Bacri et Jaoui de retour au scenario et aux dialogues, c'est une excellente nouvelle et le résultat est à la mesure des espérances. D'autant qu'Agnès Jaoui à la réalisation multiplie les trouvailles de casting (Benjamin Biolay en Wolf, c'est idéal), de mise en scène et filme un Paris idyllique de conte de fées et parsème son film de références jusque dans les enseignes de magasins, le nom des personnages. L'histoire des amoureux est charmante et drôle. Ils se rencontrent au Bal des Princes et non au Bal des Débutantes. Et c'est davantage la fille, plus entreprenante, plus sûre de son pouvoir qui fait office de Prince Charmant. En périphérie de leur histoire évoluent une amie discrète, délaissée et amoureuse en cachette, un ami trahi, digne et généreux. Et en père du Prince Charmant, un homme qui ne voulait pas d'enfant, qui ne croit en rien et va finalement s'affaiblir, troublé par la prédiction d'une voyante 40 ans plus tôt qui lui avait annoncé la date de sa mort...

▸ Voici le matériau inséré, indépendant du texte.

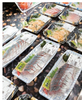
上/屋外にはカニの生け簀が設置される。下/鮮度抜群の魚や刺身、寿司などを手頃な価格で販売する。毎週日曜11時からのマグロの解体ショーは迫力満点。

Et là, nous assistons à un festival Jean-Pierre Bacri, Jean-Pierre chez le psy, Jean-Pierre et les femmes, Jean-Pierre et les enfants, Jean-Pierre aux fiançailles de son fils, Jean-Pierre moniteur d'auto-école... Les tirades et répliques de cet acteur génial devraient être cultes. Son éloge de la solitude "pas de négociation, pas de bruit", sa façon de jeter un os à une petite fille pour qu'elle lui rapporte "les enfants c'est chiant, vus à plat", sont de grands moments. Et finalement, (attention spoilage... clic gauche sur la souris pour visualiser) Jean-Pierre qui fond en larmes dans les bras de son fils...
Jaoui et Bacri, plus tout jeunes, ratissent large et visent juste. Le rôle des parents, leur place, leur disparition, la place des enfants, les relations des uns avec les autres, la peur de vieillir, de mourir, une vision un peu sombre de l'amour "la fidélité n'est qu'un mot", le tout enrobé d'infiniment de douceur et d'une mélancolie nouvelle. Pas de cynisme, pas de noirceur absolue, juste la vie qui va ! Un beau film avec de beaux acteurs aimés par leur réalisatrice.
Agathe Bonitzer, Nina Meurisse, jeunes femmes, jeunes actrices sont parfaites.